The model-of-the-domain purpose is where they struggle. Anyone who has watched an agent refactor a codebase has seen it: the agent will happily rename a concept halfway through, conflate two types that the author kept separate for a reason, or invent an abstraction that papers over a distinction the business actually cares about. The agent is fluent in the syntax of your language and approximately fluent in the idioms of your stack, but it does not know your domain, and it has no incentive to keep the model coherent across changes.

Simon Willison’s running notes on coding with LLMs keep returning to the same observation: the human’s job shifts from typing to reviewing, and reviewing requires a model in your own head that you can compare against the generated code. If you no longer have that model, you cannot catch the agent’s drift.
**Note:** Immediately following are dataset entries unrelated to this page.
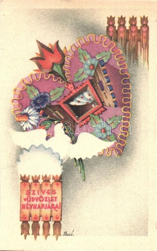 Leírás: 4 db RÉGI Bozó irredenta üdvözlőlap / 4 pre-1945 Bozó signed Hungarian irredenta greeting art postcards
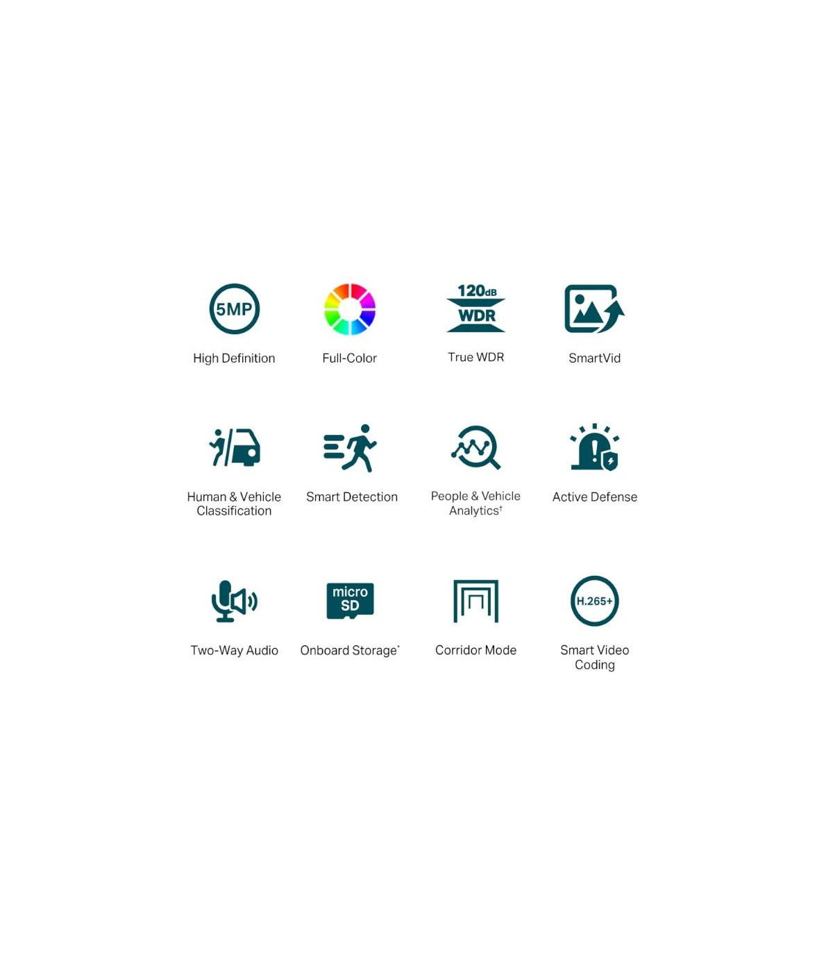 | Características | Red - Protocolo: TCP/IP, UDP, ICMP, HTTP, HTTPS, DHCP, DNS, RTSP, NTP, UPnP UDP, SSL/TLS - ONVIF - API: Interfaz de vídeo en red abierta (perfil S) - Vista en vivo simultánea 3 transmisiones principales y 3 subtransmisiones - Client: VIGI App, VIGI Security Manager, Web UI - Navegador web: Navegador web Google Chrome 57 y superior Firefox 52 y superior Safari 11 y superior Microsoft Edge 91 y superior - Nube - Seguridad: Protección con contraseña, cifrado HTTPS, filtro de dirección IP, autenticación implícita Audio - Comunicación de Audio: Audio Bidireccional - Entrada de audio - Salida de Audio - Compresión de audio - Frecuencia de muestreo de audio: 8KHz - Filtrado de ruido ambiental - Velocidad de bits de audio: 64 Kbps (ley G.711) Alarma - Clasificación inteligente de personas y vehículos de eventos - Detección de intrusión de área Detección de cruce de líneas Detección de personas Detección de vehículos Detección de entrada de región Detección de salida de región Detección de objetos abandonados Detección de eliminación de objetos Detección de merodeo - Detección básica: Detección de movimiento Detección de manipulación de vídeo Excepción (inicio de sesión ilegal) Detección de cambio de escena - Enlace de alarma: Grabación de vídeo con tarjeta de memoria, mensaje push, luz blanca intermitente - Notificación de salida: Mensaje push Alimentación - Fuente de alimentación: 12V DC ± 5%, Max. 9 W Enchufe de alimentación coaxial de 5,5 mm. PoE: 802.3af/at, clase 0, máx. 10.5W Dimensiones y peso - Φ123x84 mm - 0,24 g Contiene - Cámara de red VIGI - Guía de inicio rápido - Accesorios de montaje |
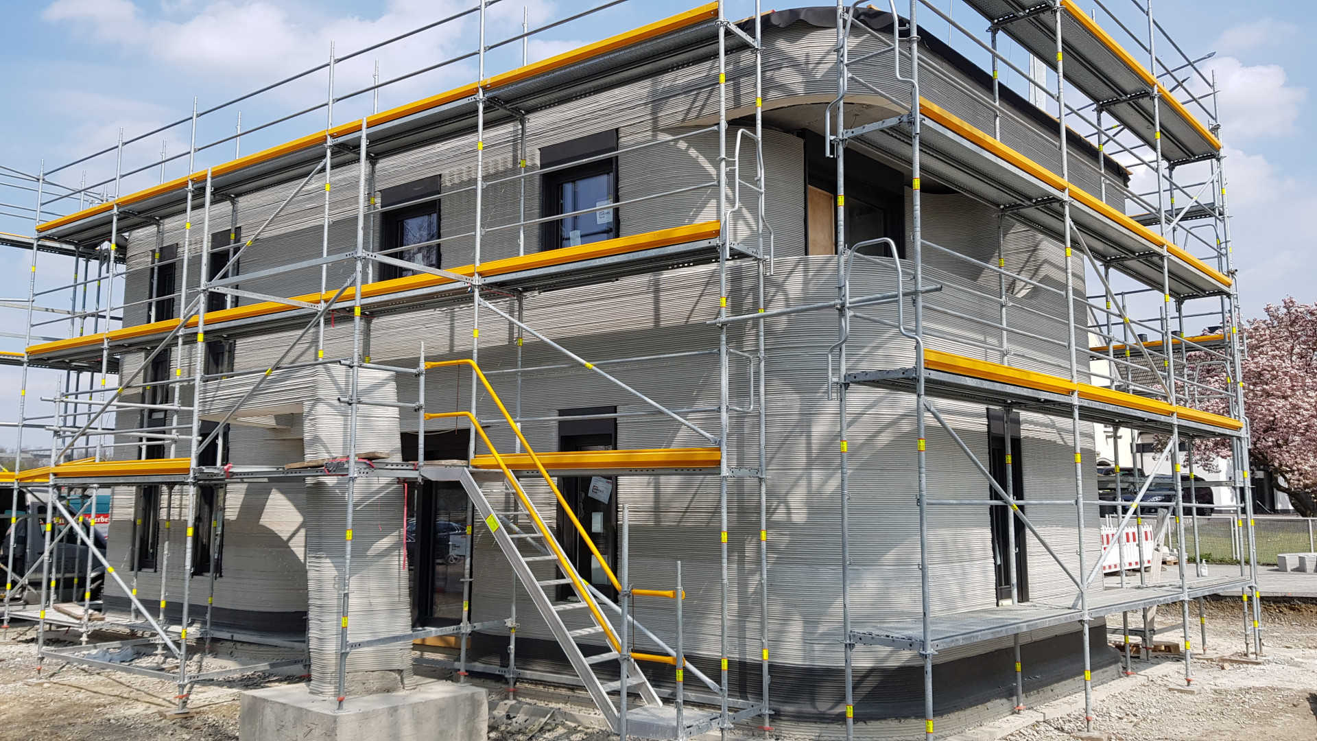 Prvotní vize se stala skutečností, když v roce 2020 vznikl dvoupatrový rodinný dům ve městě Beckum v severní části Severního Porýní-Vestfálska v Německu. Šlo o zcela první stavbu v Německu vytvořenou pomocí 3D tisku z betonu. Dvoupatrový dům nabízí přibližně 160 metrů čtverečních obytného prostoru. Budova se skládá z trojitých stěn, dutiny jsou naplněné izolační hmotou. Domu dala vzniknout 3D tiskárna na beton, která byla nainstalována přímo na místě stavby. Tiskárna dokáže tisknout rychlostí až 1 m/s a dvouplášťovou stěnu o obvodu 1 m² vytvoří přibližně za pět minut. V případě tohoto domu bylo zvoleno pomalejší tempo – přeci jen šlo o pilotní stavbu.
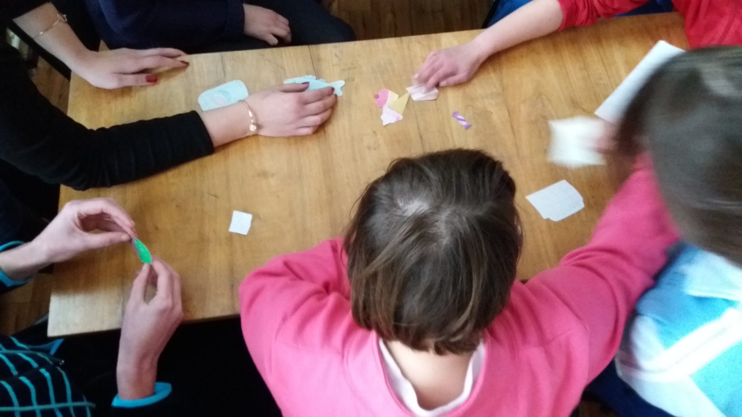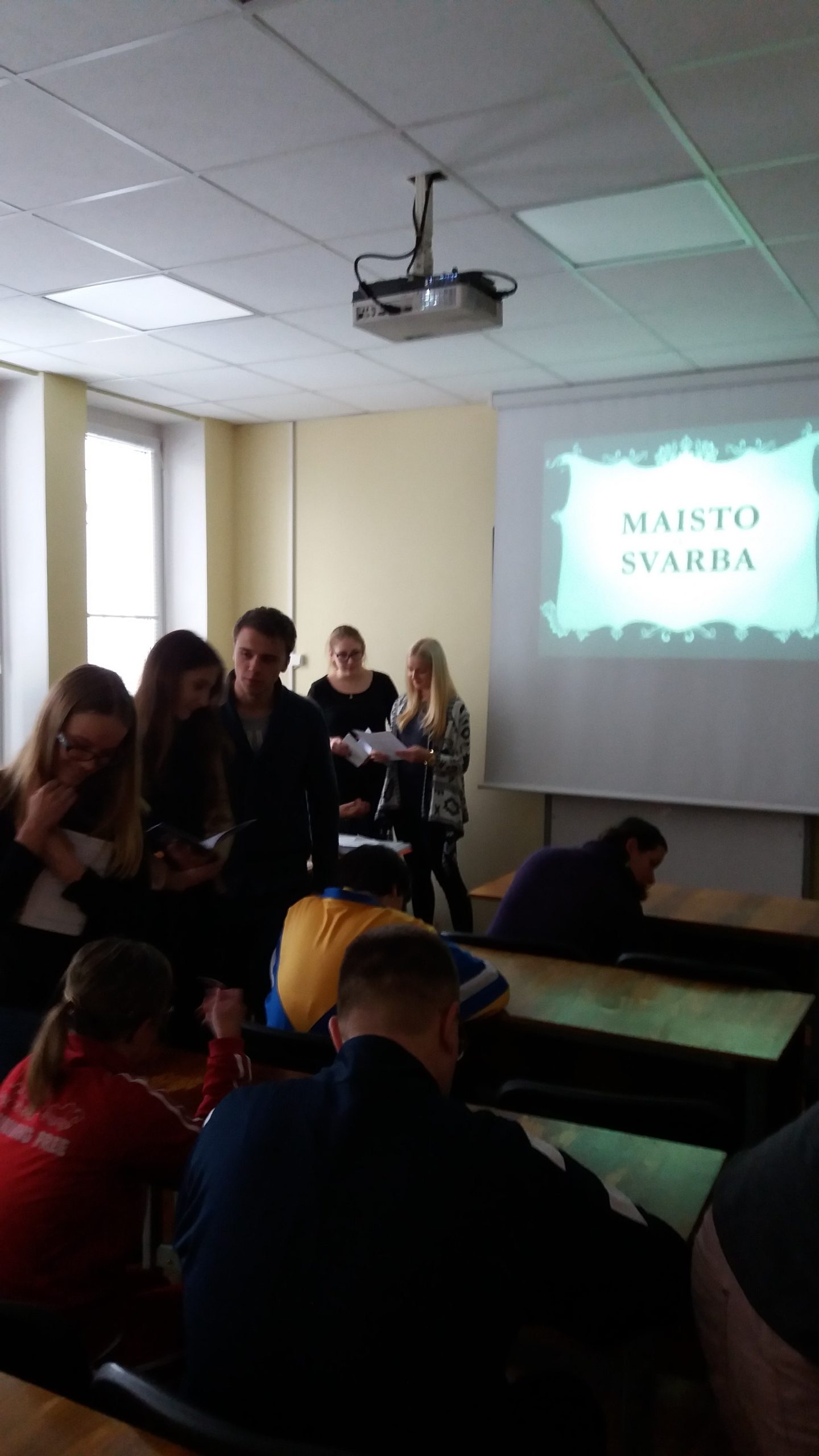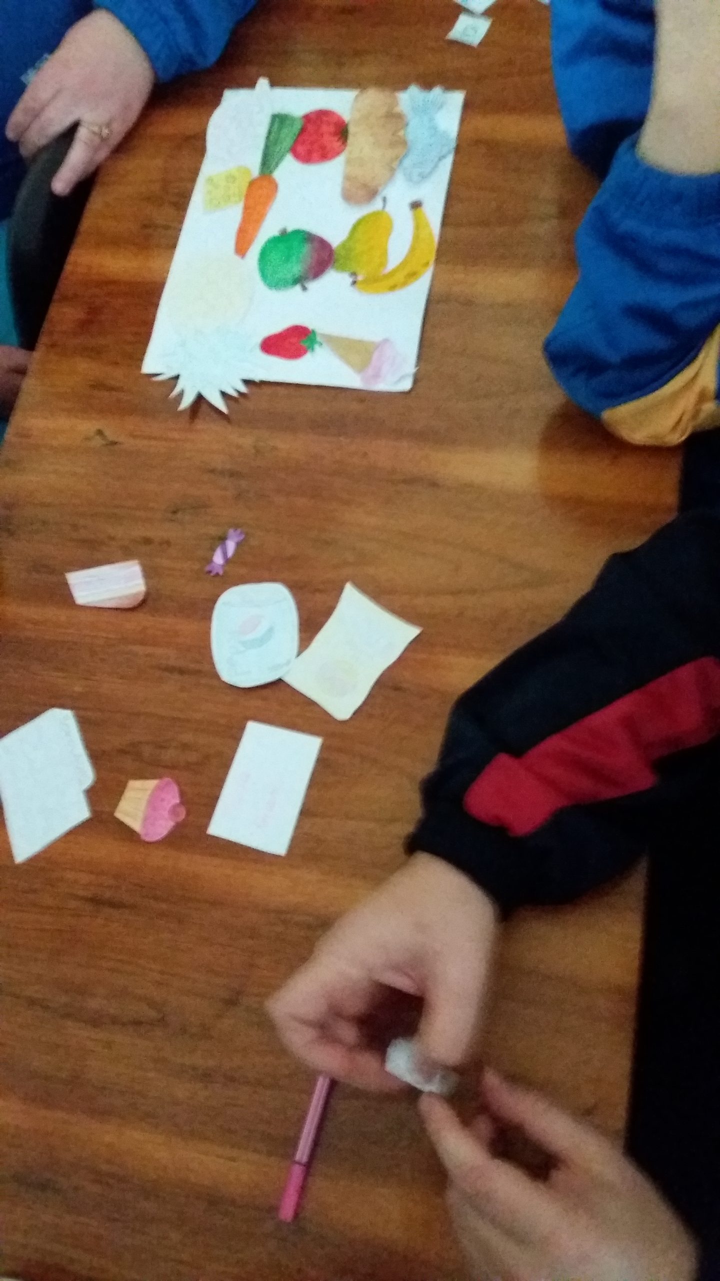 Studentai pasiūlė žaidimą „Sveiki maisto produktai“. Svečiai rinkosi iš popierinių maisto produktų į popierinį krepšelį sveikus produktus. Krepšelyje atsidūrė ananasai, vynuogės, braškės, morkos, žuvis ir ledai. Visi kartu susitarė, kad kartais valgyti saldumynus galima. Centro lankytojai iš SPF išvažiavo linksmi ir pilni įspūdžių. „Viskas patiko“ – beveik visi susitikimo dalyviai apibendrino savo reakcijas.
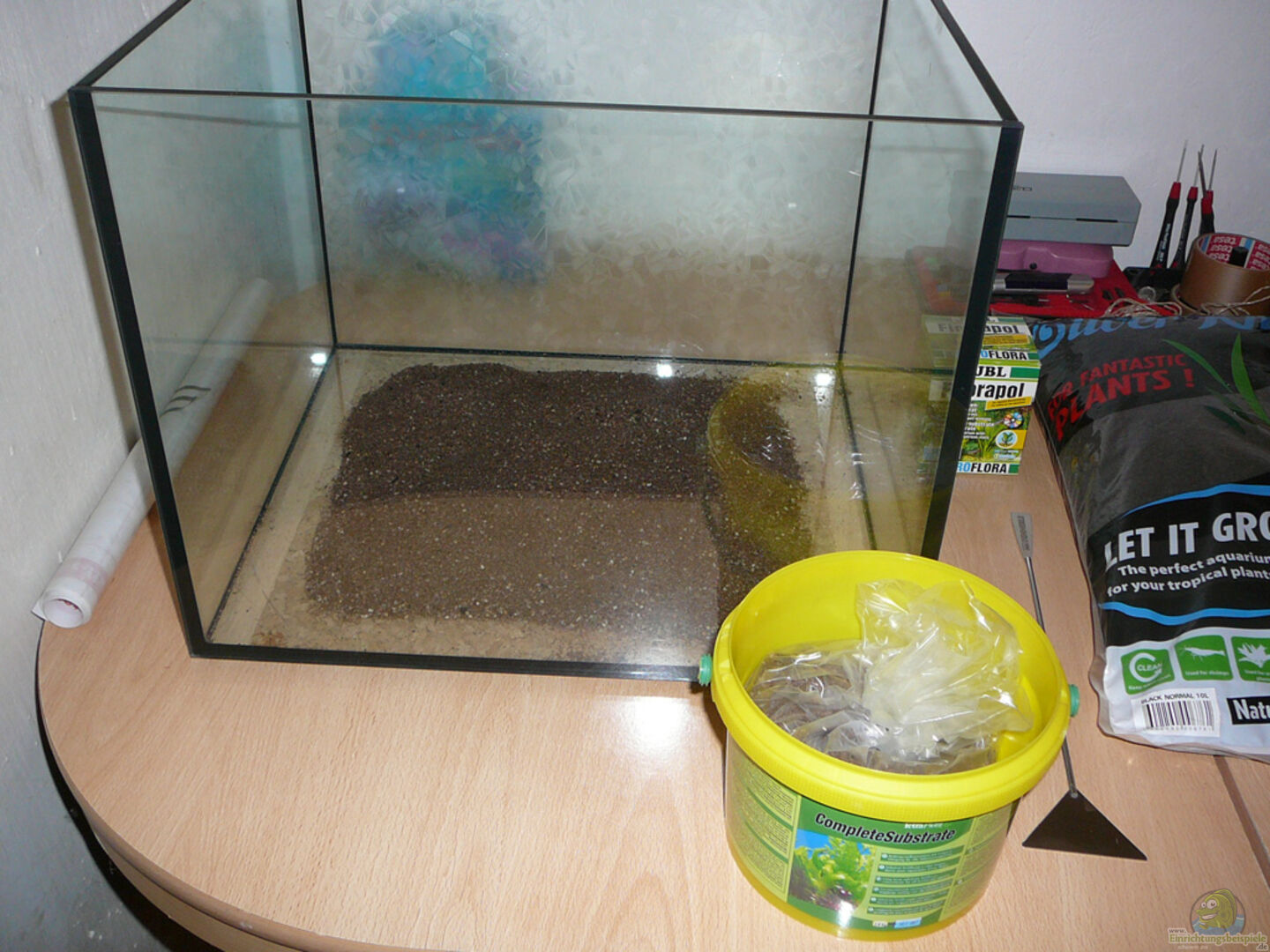 Der Bodengrund wurde als erstes mit JBL Planzengrund gestaltet. Anschlie??end kamen noch einige Düngezusätze hinzu. ??ber das ganze habe ich dann Nature Soil von Oliver Knott gegeben.

What this means for source code as an artifact

I do not think source code disappears, but I think which parts of it matter is going to shift. The boilerplate, the glue, the third CRUD endpoint, the test scaffolding; agents will write more and more of that, and it will matter less whether a human ever reads it carefully. The parts that encode the domain model, the type definitions, the state machines, the invariants, the names; those become more valuable, not less. They are the interface humans use to think about the system, and they are the contract the agent has to respect.

You can already see teams optimizing for this. The Effect ecosystem in TypeScript is a bet that pushing more of the domain into the type system pays off in maintainability. Rust’s whole appeal is that the type system carries enough of the model that the compiler becomes a collaborator. Ghosts of Departed Proofs and similar Haskell patterns are about encoding invariants so precisely that wrong programs do not type-check. These are all moves in the same direction: make the model legible to the machine so the model survives contact with whoever, or whatever, edits the code next.

The pessimistic version of agent-driven development is the one where teams stop maintaining the model because the agent can regenerate code on demand. That world is the big ball of mud at planetary scale, with no one able to reason about why the system does what it does. The optimistic version is the one where humans spend more time on the model layer, because that is where their judgment is irreplaceable, and agents do the translation to executable form.

A small prediction

My guess is that we end up with a clearer split between two kinds of code. There will be a thin, carefully maintained layer of types, schemas, state machines, and protocol definitions that humans own. Around it will be a much larger layer of implementation that agents generate, regenerate, and discard. The artifact you commit will increasingly look like a specification with the implementation as a derived target, which is close to what literate programming was reaching for in the first place.

If that is right, the future of source code is not less of it but a different shape. The model survives because someone has to hold it. The instructions get cheaper because someone, or something, else can write them. Joshi’s piece is worth reading because it puts the vocabulary on this distinction; the part I would add is that the distinction is already showing up in which languages and which patterns teams are choosing today.